Regular expres­sions are built on simple rules. The following is not a compre­hen­sive list, but should provide an idea of what regular expres­sions look like -

  1. Alpha­bets and numbers repre­sent themselves. So do a large number of punctu­a­tion charac­ters. These are case-sensitive.
  2. A dot “.” repre­sents a single instance of any character.
  3. An asterisk “*” indicates that the preceding character may be repeated zero or more times.
  4. An plus “+” indicates that the preceding character may be repeated one or more times.
  5. A carot “^” is an anchor for the start of the line.
  6. A dollar “$” is an anchor for the end of the line.
  7. The “<” and “>” symbols are anchors for start and end of a word respectively.
  8. Et cetera.

For example, ^Cof*e+$ would match Coffee, Coeeeeee or Coffffffe but not Coffff, coffee or Cofeen. Regexes can be much more compli­cated in practice, but the basics are suffi­cient for many common cases.

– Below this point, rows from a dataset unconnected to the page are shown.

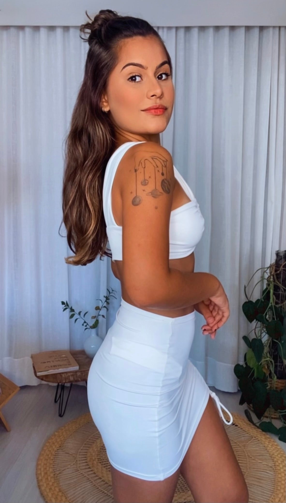 Saia curta, se ajusta perfeitamente ao corpo, sem elástico na cintura garantindo o máximo de conforto e modelagem que afina a silhueta. Possui canaleta na lateral onde é possível ajustar o comprimento como desejar.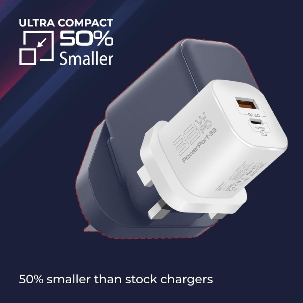 يتميز شاحن PowerPort-33 بالجيل التالي من تقنية GaNFast (نيتريد الغاليوم) ومجموعة شرائح GaN لتقليل الحجم ونقل الطاقة العالية. توفر مكونات نيتريد الغاليوم شحنًا أسرع من أجهزة الشحن القياسية القائمة على مكونات السيليكون.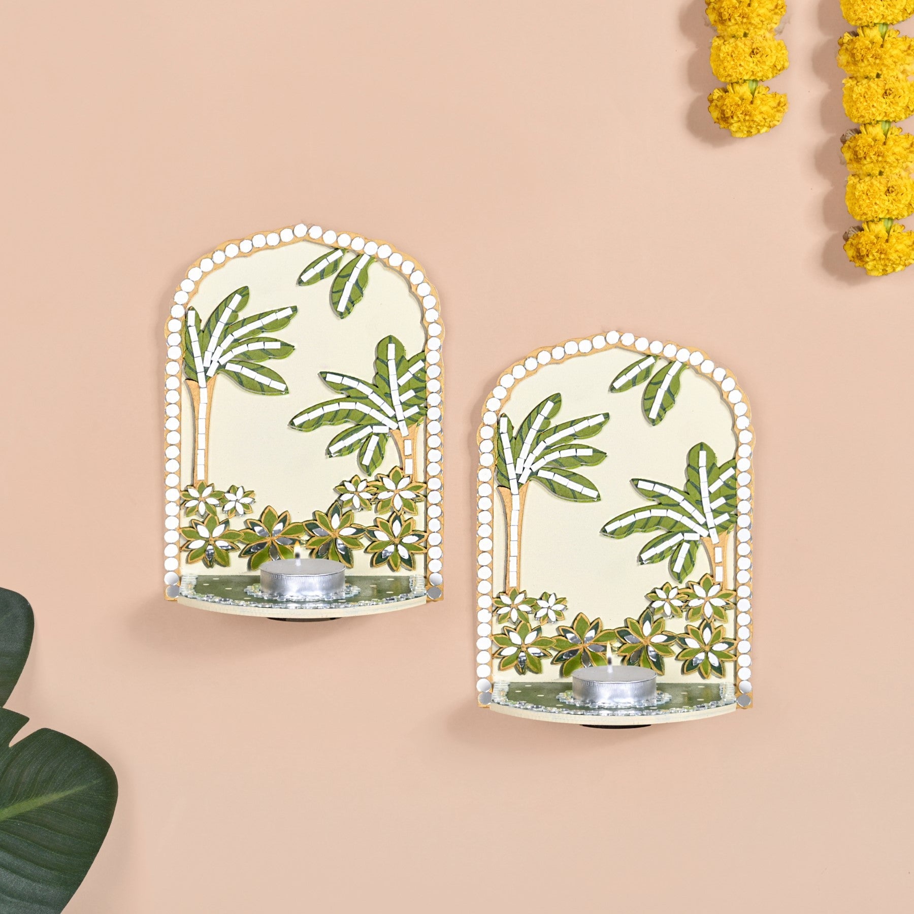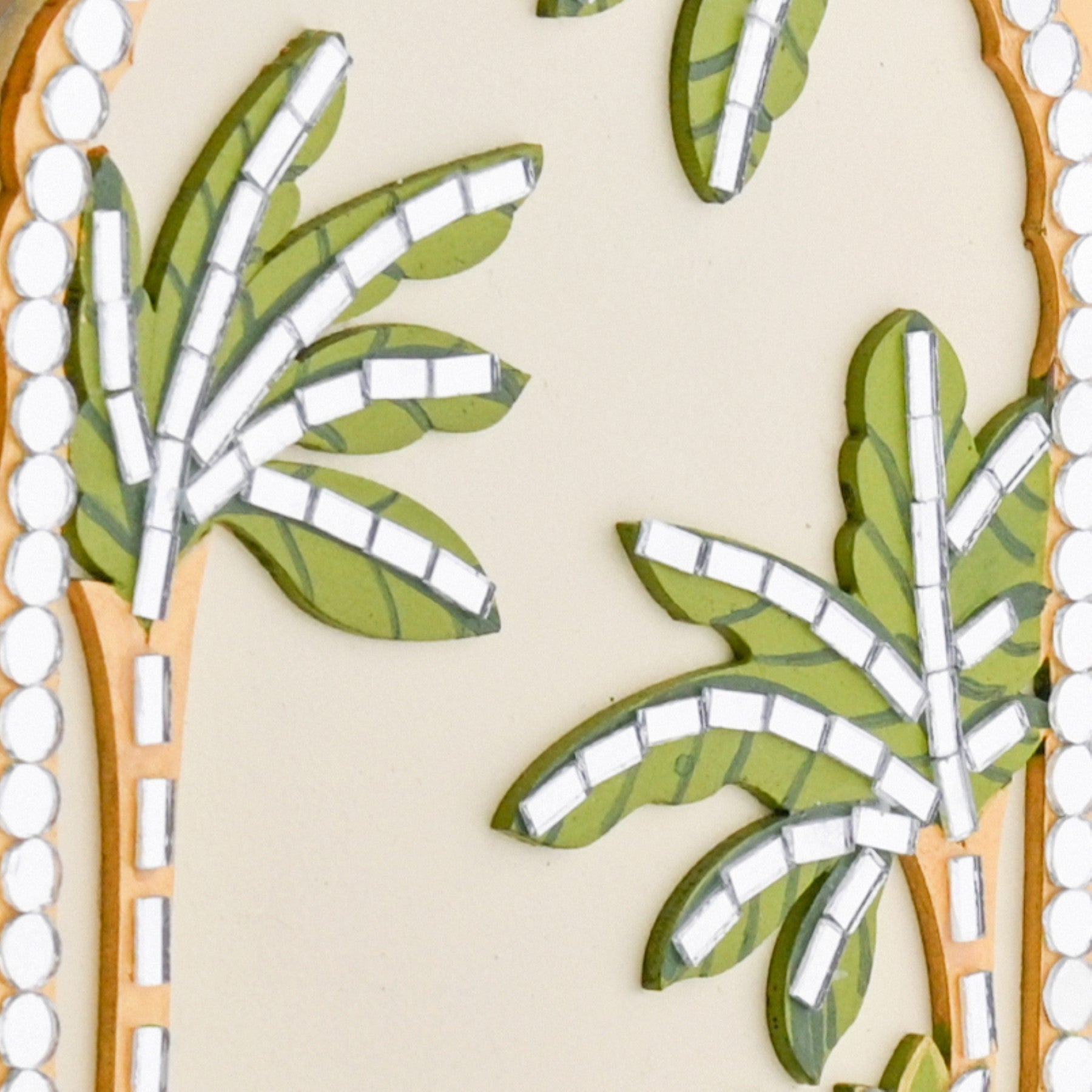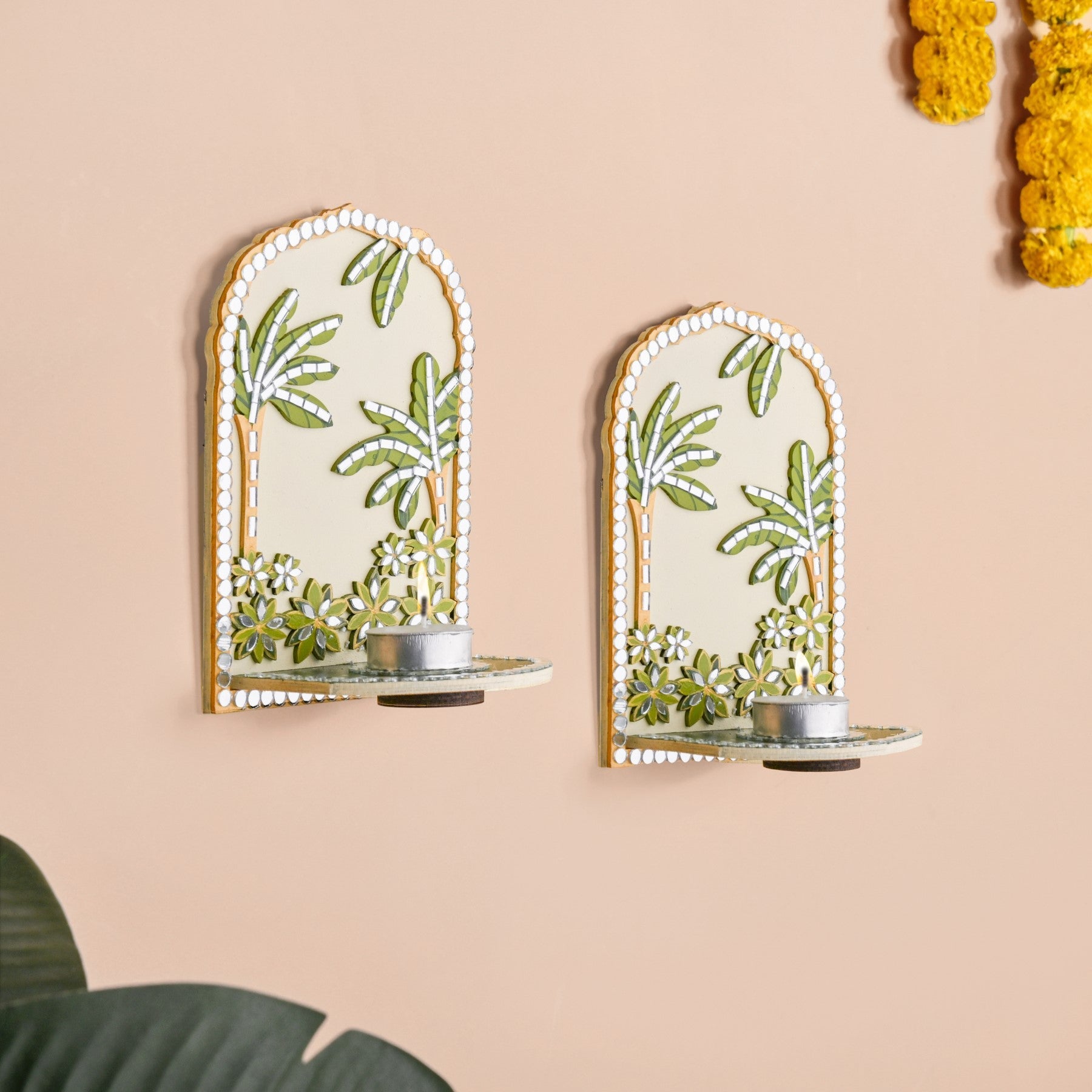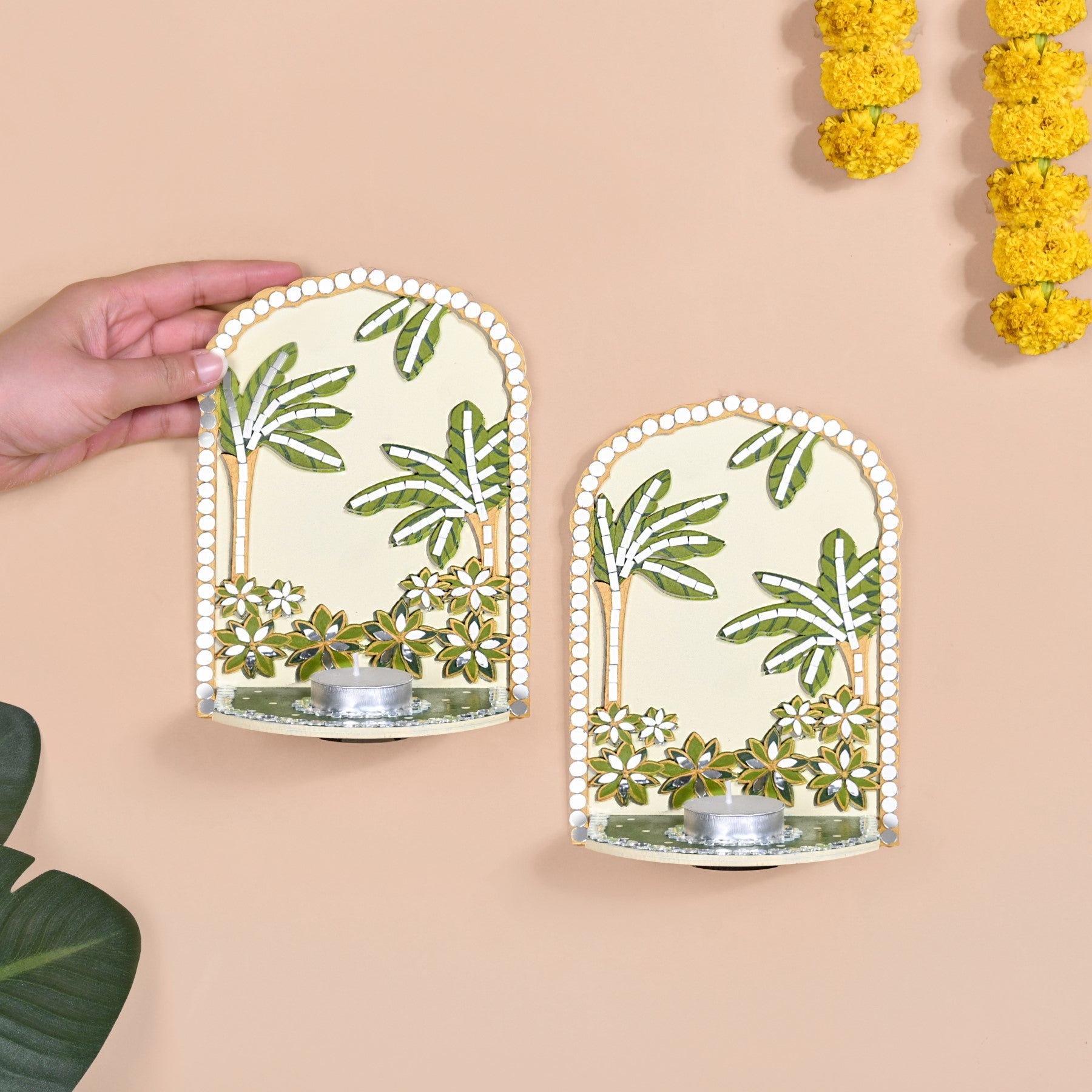 Design: Let your home shimmer with the charm of tradition and the finesse of handcrafted design. This piece features hand-painted palm trees, leafy florals, and intricate mirror inlays in soothing shades of green, white, and earthy gold. The arched backdrop, accentuated with golden lining, adds a regal touch, while the rounded base enhances the play of candlelight. The leaf motifs bloom at the base, symbolising prosperity and harmony. Surrounded by delicate mirrorwork, the entire tealight holder radiates a serene, nature-inspired glow, perfect for elevating any setting with artisanal elegance.

The most impor­tant advan­tage of under­standing regexes is that it opens up the doors to a huge collec­tion of Unix tools, such as grep, sed and awk. Most Unix text editors also support regexes to some degree.

While grep is the most well-known amongst these tools — it is used to find lines that match a given expres­sion — sed aka ‘the stream editor’ is perhaps the most useful, because it can actually manip­u­late text. For instance, when I migrated more than a hundred old posts into this blog a couple of weeks ago, I needed to replace a whole bunch of <div> tags with <p> tags. That’s when sed came in useful: it took just ten minutes and a single command to get the job done.